What you don't get without this: a vague "engineering always overestimates / underestimates." The data here is specific: third-party-SDK work runs 1.5× long, the rest land within band. After 90 days, "Aviv's estimates are within ±15%" is a real number on a board slide, not a vibe.

Review

The PR Hiro approved that took down checkout

Thursday 14:30 — Hiro approves PR #847, a "small refactor to the order pipeline." Sunday 11:00 — checkout starts failing for a subset of carts. Without a review-calibration loop, that's an isolated bad approval. With one, every approve verdict is graded against 7 days of follow-up — and the data tells you which categories Hiro should slow down on.

Timeline

Thu 14:30✅hiro review verdict APPROVE on vinemark/api#847 (refactor, 240 LOC)

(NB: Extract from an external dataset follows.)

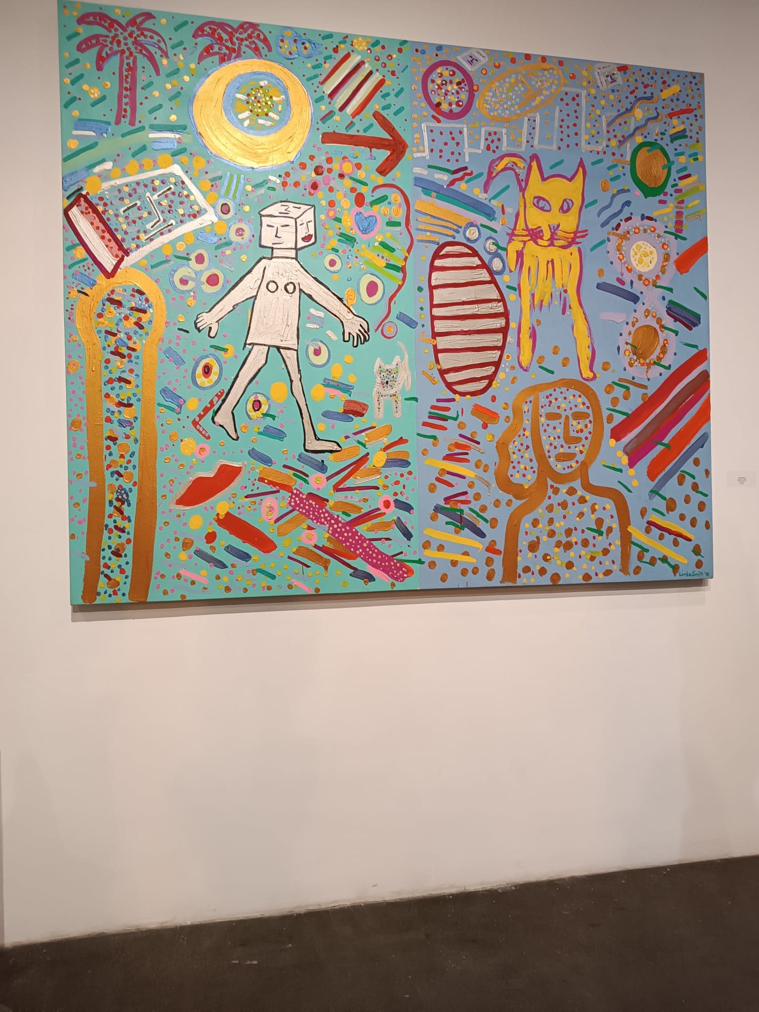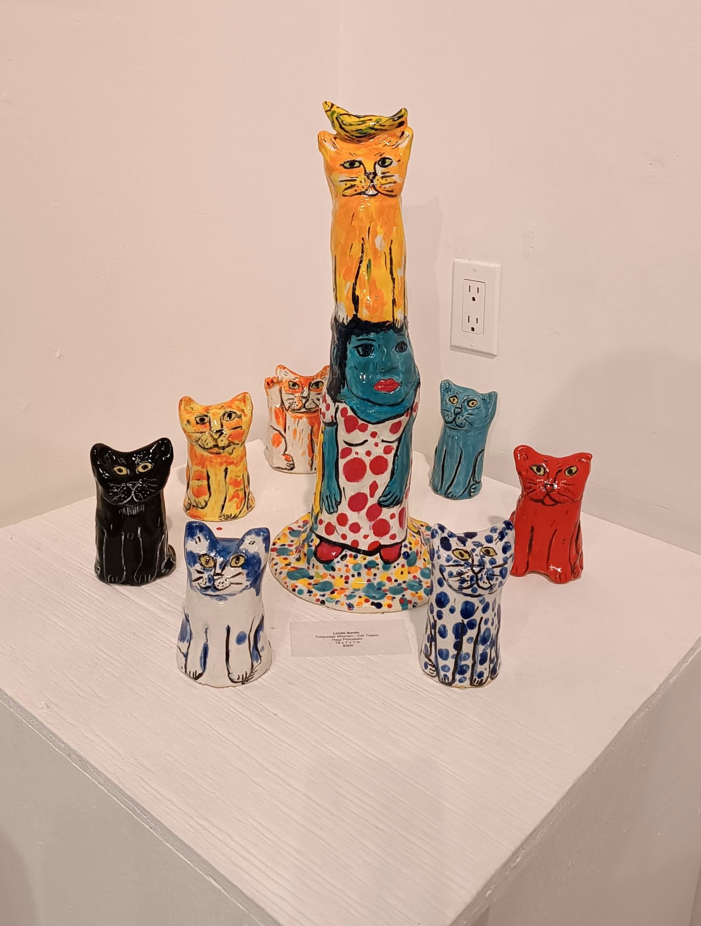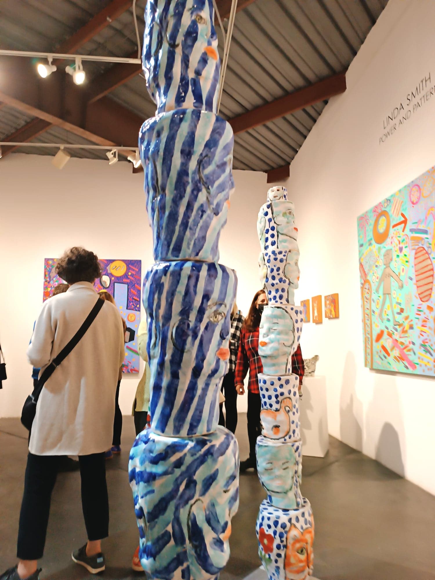 “Az élénk színek elragadó zűrzavaraként” jellemezte a 2019-ben elhunyt műkritikus, Peter Selz Linda Smith művészetét. Az alkotó 1978-tól kezdte festeni a a vibráló színű, figuratív alkotásait, amelyet humanoid pop-artnak is nevezhetünk. Későbbi korszakában áttért a kerámiákra, ahol tovább vitte a figuratív ábrázolást és megtartotta a bátor, élénk színhasználatot. A naív, emberi ábrázolás mellé belépett még egy témát – a macskák festése és és három dimenziós megalkotása szinte minden alkotásban jelen van ebből a korszakból. Méretes totemoszlopain sokszor keveredik e két téma, az emberi és állati fejek egymás alatti-feletti hierarchikus viszonya egyszerre játékos és egyszerre borzongató látvány. A sok alapszín használata, a komplementer színek egymás mellettisége folyamatos dinamikát ad a sokszor fallikus formába rendezett kompozícióknak.

Thu 14:31📝hiro review_log target=vinemark/api:847 verdict=approve change_kind=refactor pr_size_loc=240 summary="order pipeline refactor; tests passed; approving"

Thu 17:00🚀jordan deploy → api:prod — "vinemark/api @ a1b2c3 → prod, 0 errors, 3m12s"

Sun 11:14⚠️theo incident → api:prod [HIGH] — "checkout 500 rate 8% on cart_total > $50"

Sun 11:18↩️jordan rollback → api:prod — "reverted to prev SHA; checkout recovered in 90s"

Sun 11:25🐛root cause: refactor changed money rounding for orders >$50; covered by no test

Fri 17:00📊hiro review_review — vinemark/api:847 [MISSED_BUG] (rollback found in window)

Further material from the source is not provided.